> _RECORDS TO PROCESS_
[Start of Attachment]
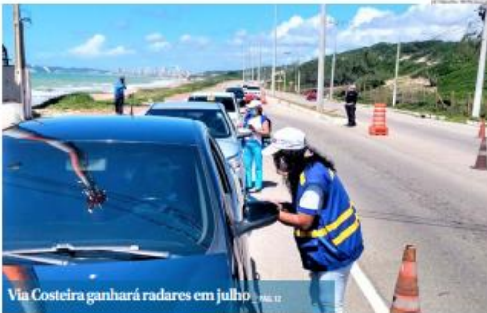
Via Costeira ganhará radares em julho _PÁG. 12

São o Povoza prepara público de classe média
[End of Attachment]
[Start of Attachment]
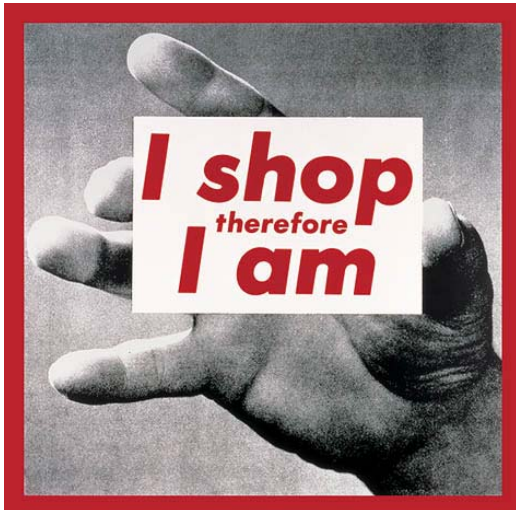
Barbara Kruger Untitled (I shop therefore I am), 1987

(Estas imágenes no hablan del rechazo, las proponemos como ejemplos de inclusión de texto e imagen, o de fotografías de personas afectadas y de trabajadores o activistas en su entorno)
[End of Attachment]
Please give again the lines above between the line holding "Via Costeira ganhará" and the line holding "São o Povoza prepara público de classe média", inclusive, exactly as they are and with nothing added.

> _RESULT FOR THIS TASK_
Via Costeira ganhará radares em julho _PÁG. 12

São o Povoza prepara público de classe média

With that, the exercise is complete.